Believe it or not, this is a significant improvement on only 12 months ago when the average was more than 42 weeks and the median wait for a hearing is now less than 9 weeks.
What’s the Concern?
The problem is that today 32 per cent of possession cases are accelerated claims, relying on s21. This means there is no need for a hearing and cases can be processed efficiently without tying up court resources with unopposed, mandatory claims.
When the accelerated procedure is retired, all claims will require a hearing increasing pressure on the courts service by almost one third (in terms of case volume).
Even the Housing Select Committee has highlighted the lack of attention currently being paid to the need for court reform to accompany changes to tenure, stating in a recent report: “It is not clear whether the Government fully appreciates the extent to which an unreformed courts system could undermine its tenancy reforms.”
With no commitments to increasing court capacity it remains to be seen how the system will cope, or how long landlords will be expected to wait for a hearing or ultimately repossession.
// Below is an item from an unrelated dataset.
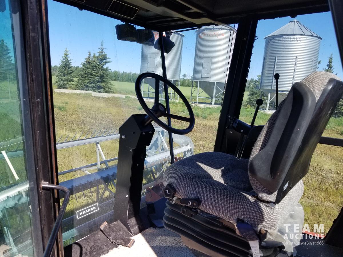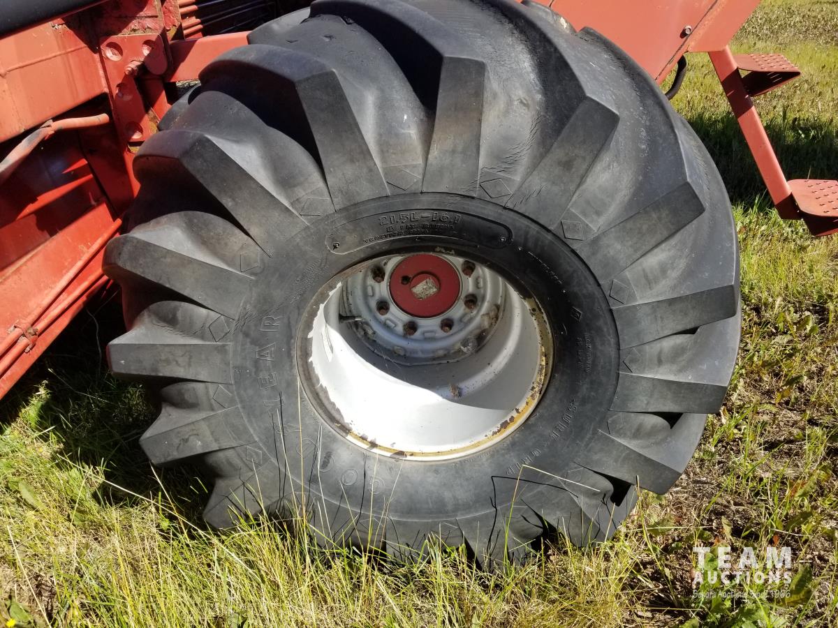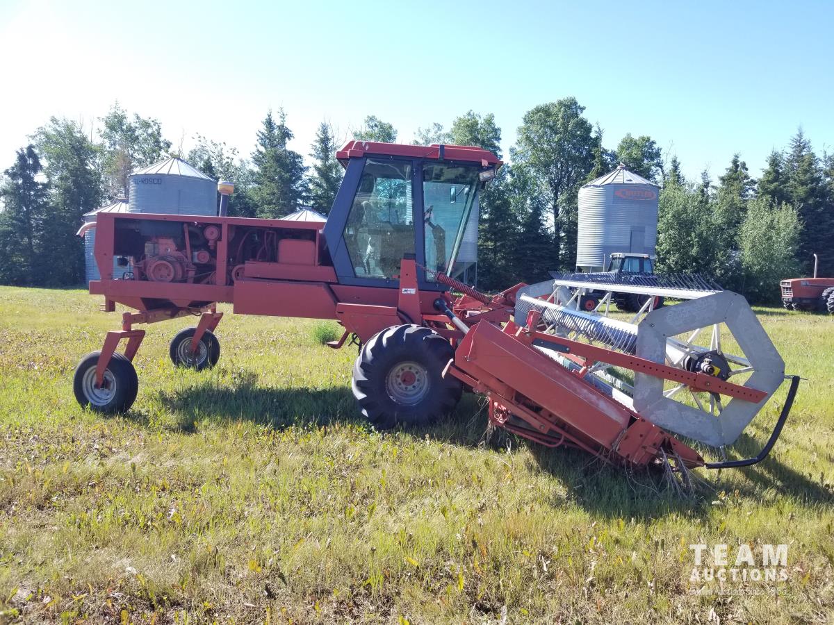 4 cylinder diesel engine, cab, air, pickup reel, double swath, 50% 21.5L-16.1 drive tires, 60% 7.60-15 casters

What has the Government pledged?
In terms of court reform, the Government has discussed digitisation of processes and greater use of alternatives to going to court, such as mediation and the proposed ombudsman but when it comes to tackling practical issues with court delays there have been few firm commitments.
The main focus of its efforts to date seems to be prioritisation, which forms a significant part of its plan to reassure landlords concerned about dealing with anti-social tenants.
Prioritisation is welcomed by the majority of landlords. In a recent poll of NRLA members we found that almost eight in ten supported prioritising certain types of case. Although there was less consensus about exactly which cases were most deserving of high priority.
Which Cases Should Be a Priority?
Of 1,198 landlords who responded to this poll, almost one third agreed with the prioritisation of ASB claims before the court. However, an even larger proportion (41 per cent) supported giving priority to rent arrears cases and one in ten supported fast-tracking claims made on other grounds.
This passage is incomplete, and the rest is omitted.